Revisiting Modality Imbalance In Multimodal Pedestrian Detection
- URL: http://arxiv.org/abs/2302.12589v2
- Date: Fri, 7 Jul 2023 08:22:17 GMT
- Title: Revisiting Modality Imbalance In Multimodal Pedestrian Detection
- Authors: Arindam Das, Sudip Das, Ganesh Sistu, Jonathan Horgan, Ujjwal
Bhattacharya, Edward Jones, Martin Glavin, and Ciar\'an Eising
- Abstract summary: We introduce a novel training setup with regularizer in the multimodal architecture to resolve the problem of this disparity between the modalities.
Specifically, our regularizer term helps to make the feature fusion method more robust by considering both the feature extractors equivalently important during the training.
- Score: 6.7841188753203046
- License: http://creativecommons.org/licenses/by/4.0/
- Abstract: Multimodal learning, particularly for pedestrian detection, has recently
received emphasis due to its capability to function equally well in several
critical autonomous driving scenarios such as low-light, night-time, and
adverse weather conditions.
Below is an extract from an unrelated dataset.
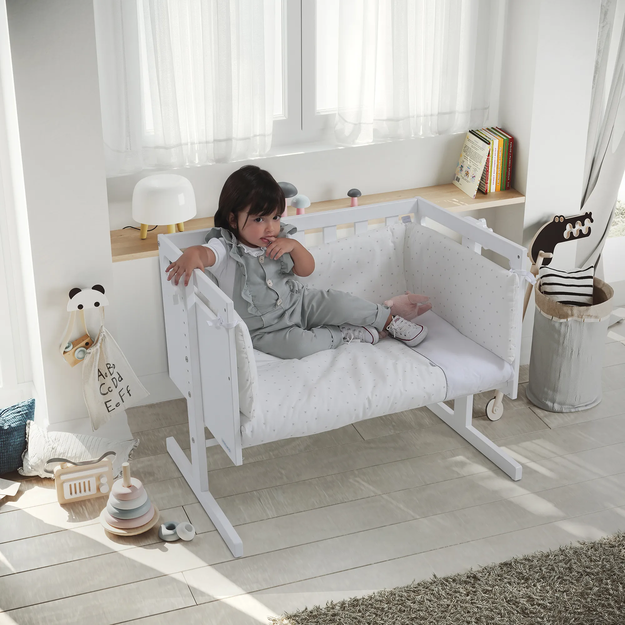 Первые дни жизни ребенка очень важны. Используя You&Me, вы можете спать вместе со своим ребенком. Включает систему крепления к кровати. Также в комплекте есть входит матрасик с системой против удушья. Чехол матрасика: эластичная ткань 100% полиэстер – эластичная, мягкая и дышащая ткань, облегчающая движения ребенка во время сна. Наполнитель: HR Aquapur – высокоэластичный пенополиуретан, перфорированный пенополиуретан для улучшения циркуляции воздуха и предотвращения скопления влаги. Средняя воздухопроницаемость. Анти-клещ.

However, in most cases, the training distribution
largely emphasizes the contribution of one specific input that makes the
network biased towards one modality. Hence, the generalization of such models
becomes a significant problem where the non-dominant input modality during
training could be contributing more to the course of inference. Here, we
introduce a novel training setup with regularizer in the multimodal
architecture to resolve the problem of this disparity between the modalities.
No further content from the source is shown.